It's remarkable how many of these beggars / scroungers have dogs.  I've heard it said that puppies or old dogs are the best for conning gullible people out of their hard earned cash.  When the dog have served their purpose they are swapped for new ones.  Well, how can they afford to keep dogs if they have no money?  The dogs are simply 'props'.
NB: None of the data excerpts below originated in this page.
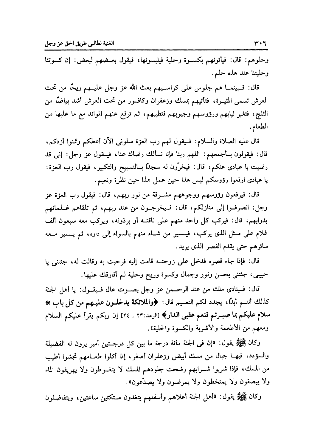 قال: فينادي ملك من عند الرحمن عز وجل بصوت عال فيقول: يا أهل الجنة كذلك أنتم أبدًا، يجدد لكم النعيم قال: {والملائكة يدخلون عليهم من كل باب * سلام عليكم بما صبرتم فنعم عقبي الدار} [الرعد: 23 - 24] إن ربكم يقرأ عليكم السلام ومعهم من الأطعمة والأشربة والكسوة والحلية".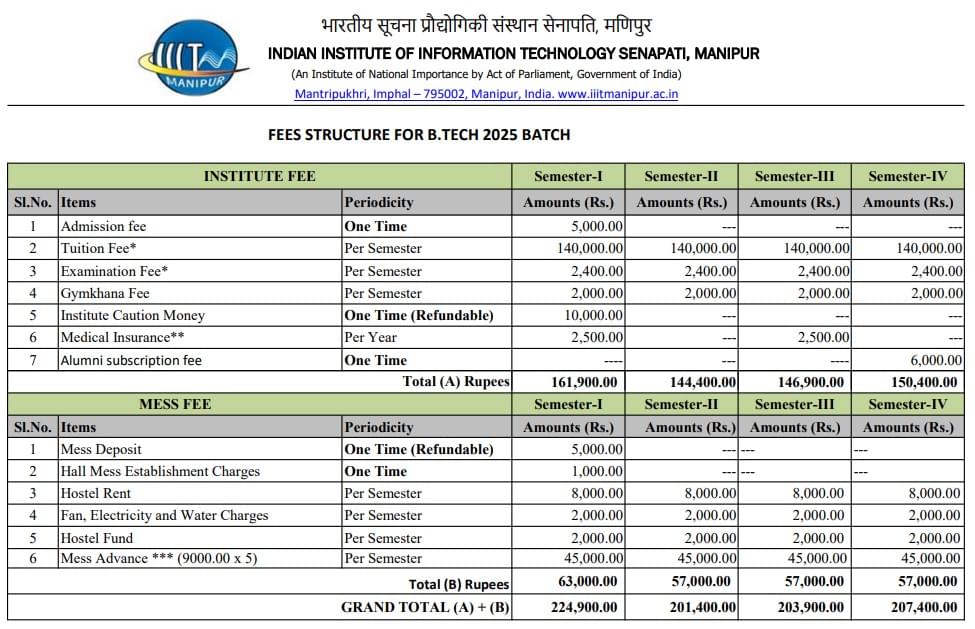 Earlier, B.Tech Artificial Intelligence & Data Science fees at IIIT Manipur was ₹ 9.52 Lakhs (in 2024) for the entire course duration. This shows a fee increase of ₹ 2.4 Lakhs over the year.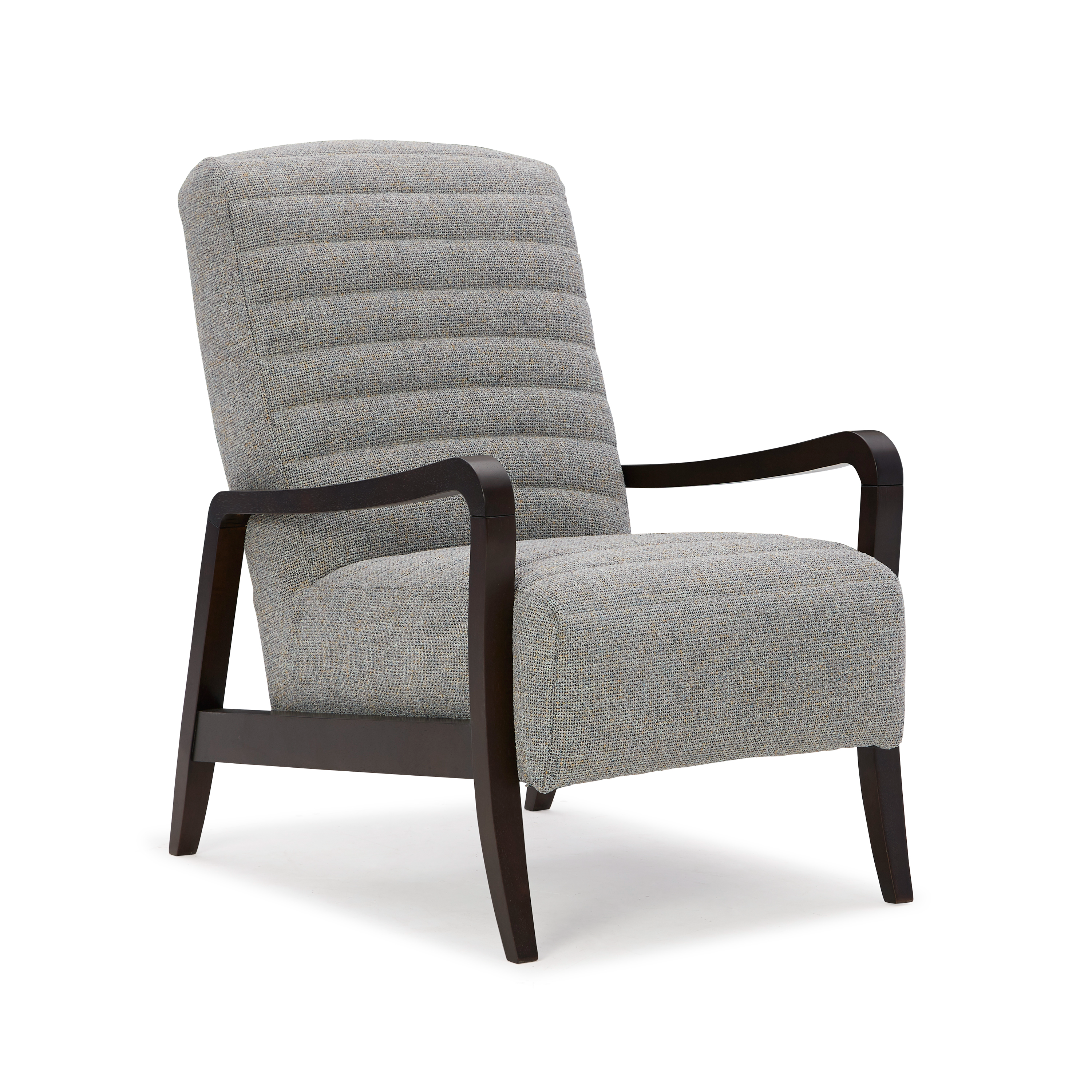 The Emorie Accent Chair has sleek lines supported by the curved wooden frame which offers an eye catching contrast which teases the senses. The tall, solid foam back and channel tufting that accents both seat and back is what makes the Emorie unique. With 700 fabric choices, you're sure to find a match. The wooden legs are available in three finsihes: Dark Walnut, Espresso, and Riverloom. Built in the USA by fine craftsmen.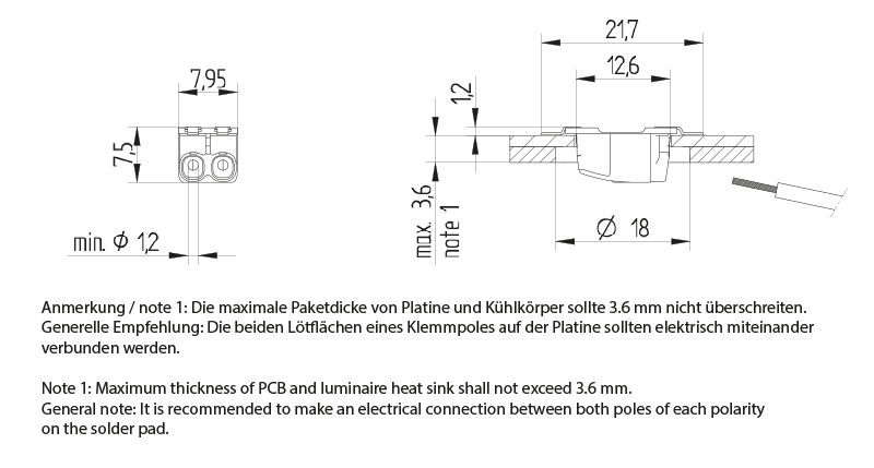 | Conductor cross-section: | Eindrähtige Leiter / Solid wires: 0.2 - 0.75 mm², AWG 24-18; Feindrähtige, verzinnte Leiter / Stranded, tinned wires: 0.2 - 0.5 mm², AWG 24-20; |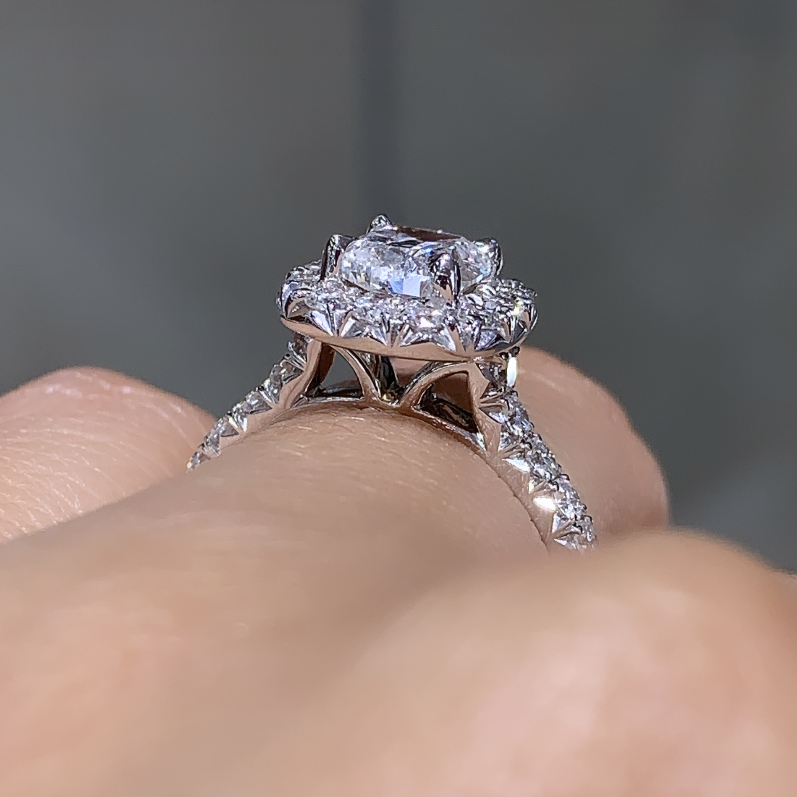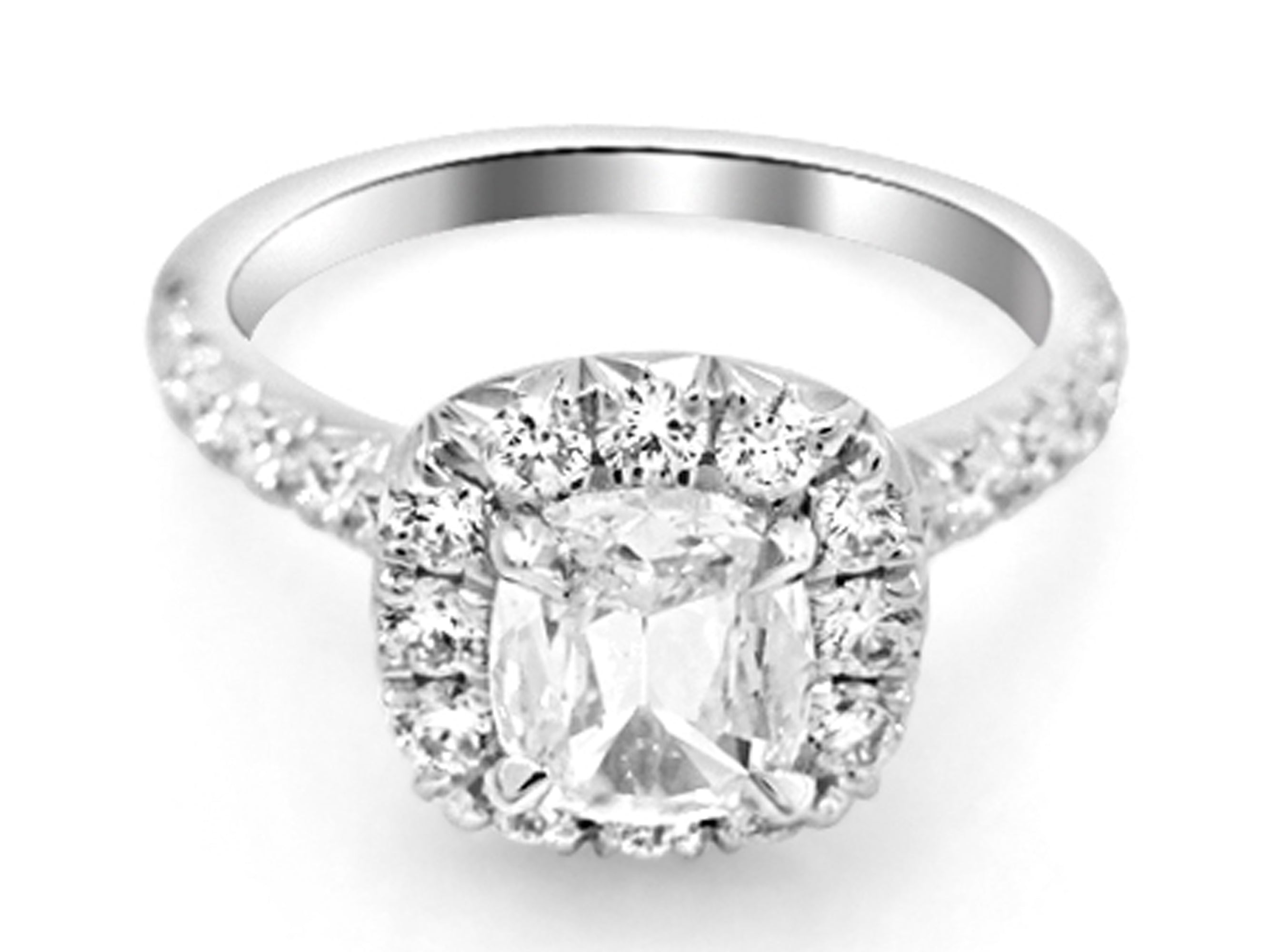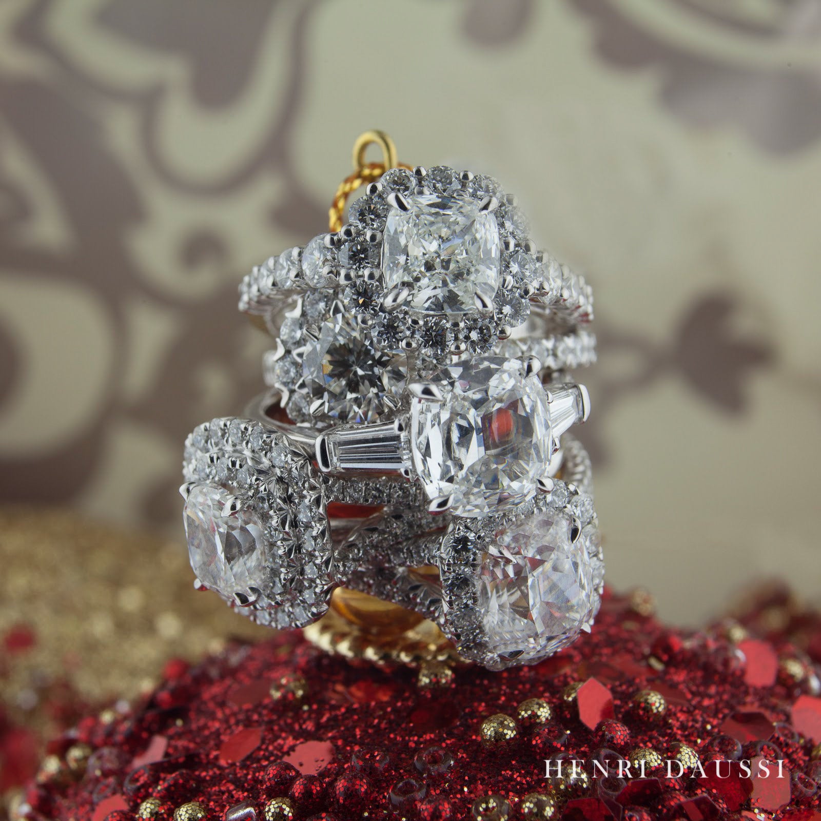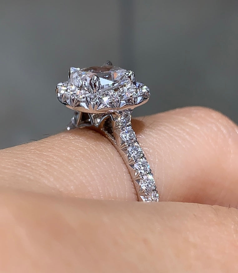 Henri Daussi diamond engagement ring featuring a pave halo and totaling approximately 1.67 carats. This ring comes with GIA certificate, signature cushion cut in the center. Metal: 18K White Gold Cushion Center: 0.90 ct Halo, Side: 0.77 ct Color: D Clarity: VS2 Certified: GIA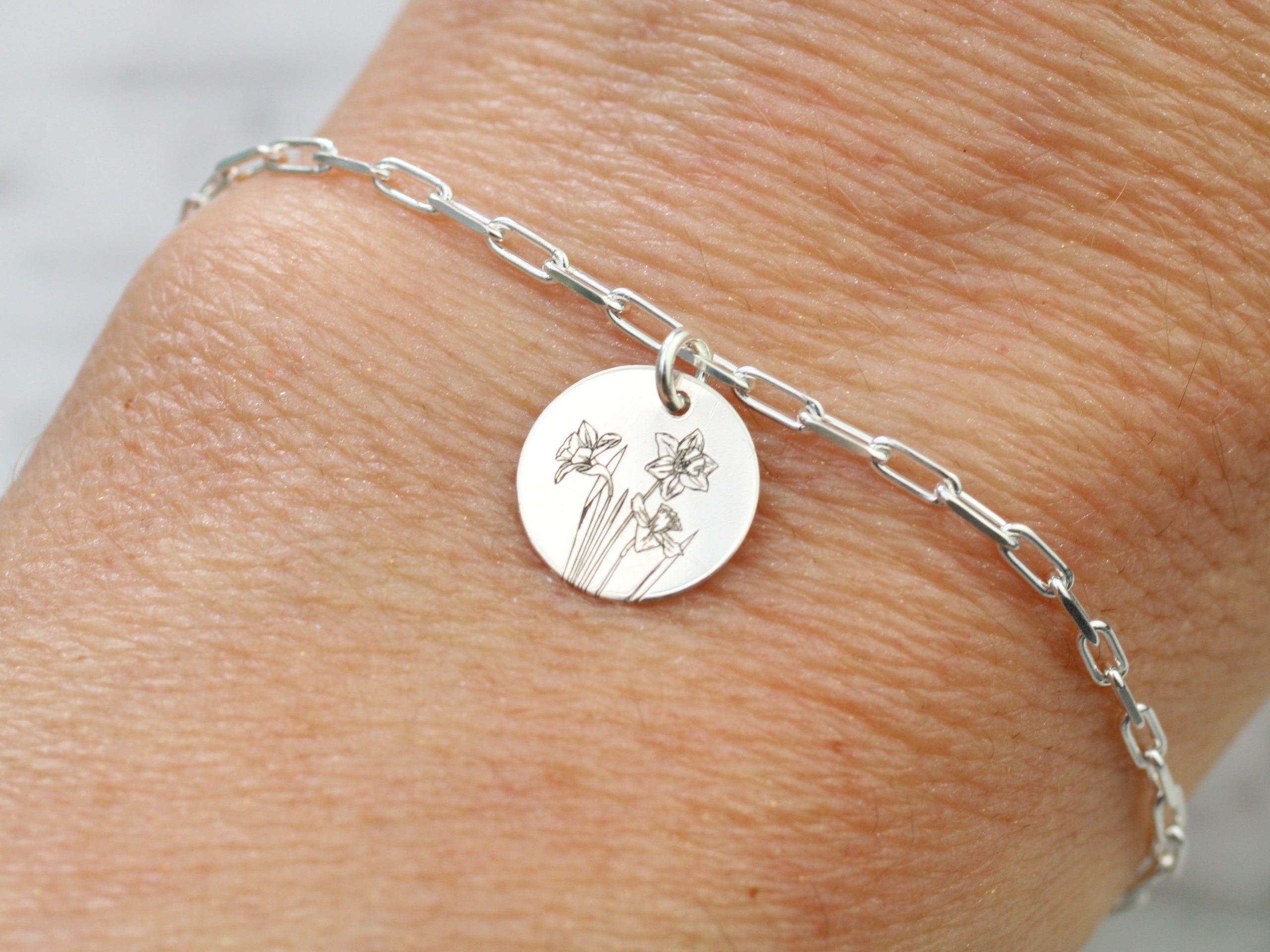 Daffodil adjustable bracelet. March birth flower.

I never give beggars money, and if they get aggressive, they soon regret it.


----------



## RadishRose (Feb 6, 2017)

I have given a few dollars when asked, but this has only happened to me a few times.

A woman I know told me her husband was once driving past a man who held a sign: "Will work for food". Hubby stopped, invited the man to help rake leaves in their yard and the beggar refused, saying he just wanted a few dollars if that was possible!

A few months ago, while driving past the side of a Wendy's Burgers on the way into a shopping area, I saw a man in the drive-through hand a Wendy's bag out of his car window to a man who was on foot. The following week I was there again and saw the man who was on foot now sitting on the curb behind the Wendy's with a cardboard sign  that read "need food".

Where I live and where I go, I generally don't see beggars. If a person asks and doesn't seem aggressive, I'll give him/her something. It may be for food, bus fare, shoes, cigarettes, illegal drugs- anything, but I don't expect a beggar to be honest if it's for something illegal, so I might as well just give a few bucks or some change. You never know.


----------



## Knight (Feb 6, 2017)

I would give loose change to any and all of the ones listed, professional beggars or not. Loose change as opposed to pulling out my wallet to hand over paper money won't make any difference since I don't accumulate a pocket full of change.


----------



## jujube (Feb 6, 2017)

The "corner beggars" in my area are well-organized, being picked up by vans at the end of the day.  This is a business, as far as I am concerned, and not a business I support.

I choose to support the charities that provide help to the needy.  On occasion, I have given money directly to people. Two extreme examples:

A cleanly-dressed woman approached me in a shopping center parking lot, saying that she had come out without her purse and was out of gas.  Would I give her $2 to get enough gas to get home.  She said she was very embarrassed to have to ask.  I reached in my pocket and found $3, which I gave her.  Then I went into the store.  When I came out, I saw her being picked up by a man in a car.  As I was pulling out, I saw them drive by and I was behind them leaving the parking lot.  They immediately pulled into a liquor store, got out and went in.  Needed gas, my a$$.....

Another time, I was approached by a youngish man who said he was hitchhiking on the highway, trying to get home to a Midwest city which was coincidentally my home town.  He said he needed 47 more cents to buy a hamburger.  We spoke for a few minutes and then I handed him a $5 bill.  He thanked me profusely and kissed my hand, telling me I was a true lady and an angel.  I saw him walking into the McDonald's so I'm pretty sure he was going to actually buy food.  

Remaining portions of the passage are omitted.